Copying exactly, give the lines in the material below from the one with "4、进入测试驾驶界面后,留意" to the one with "Бабушкина, 17 |", ends included, and nothing besides.

» DATASET ENTRIES
----------

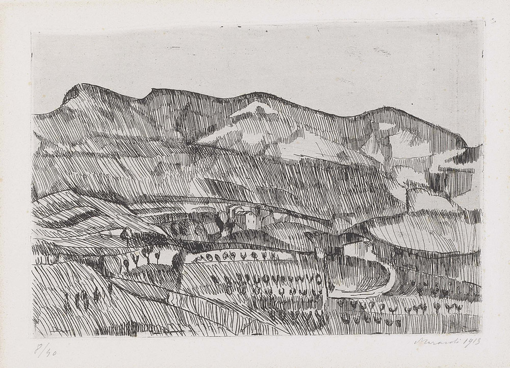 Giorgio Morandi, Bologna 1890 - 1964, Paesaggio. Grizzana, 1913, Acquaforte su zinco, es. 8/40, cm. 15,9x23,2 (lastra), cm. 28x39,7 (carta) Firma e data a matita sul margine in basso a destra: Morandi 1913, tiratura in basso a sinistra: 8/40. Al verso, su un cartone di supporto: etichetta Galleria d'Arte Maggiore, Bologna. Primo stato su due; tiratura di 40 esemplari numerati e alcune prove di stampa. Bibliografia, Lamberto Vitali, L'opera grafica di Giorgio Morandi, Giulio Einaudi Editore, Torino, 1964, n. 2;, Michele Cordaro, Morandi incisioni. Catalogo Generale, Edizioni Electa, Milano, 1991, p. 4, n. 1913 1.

----------

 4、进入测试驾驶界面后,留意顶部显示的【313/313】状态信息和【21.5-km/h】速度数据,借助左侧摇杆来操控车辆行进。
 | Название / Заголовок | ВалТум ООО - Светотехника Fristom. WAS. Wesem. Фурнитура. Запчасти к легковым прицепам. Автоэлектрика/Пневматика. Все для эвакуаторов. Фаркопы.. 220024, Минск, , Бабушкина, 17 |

----------

» WRITTEN SOLUTION
 4、进入测试驾驶界面后,留意顶部显示的【313/313】状态信息和【21.5-km/h】速度数据,借助左侧摇杆来操控车辆行进。
 | Название / Заголовок | ВалТум ООО - Светотехника Fristom. WAS. Wesem. Фурнитура. Запчасти к легковым прицепам. Автоэлектрика/Пневматика. Все для эвакуаторов. Фаркопы.. 220024, Минск, , Бабушкина, 17 |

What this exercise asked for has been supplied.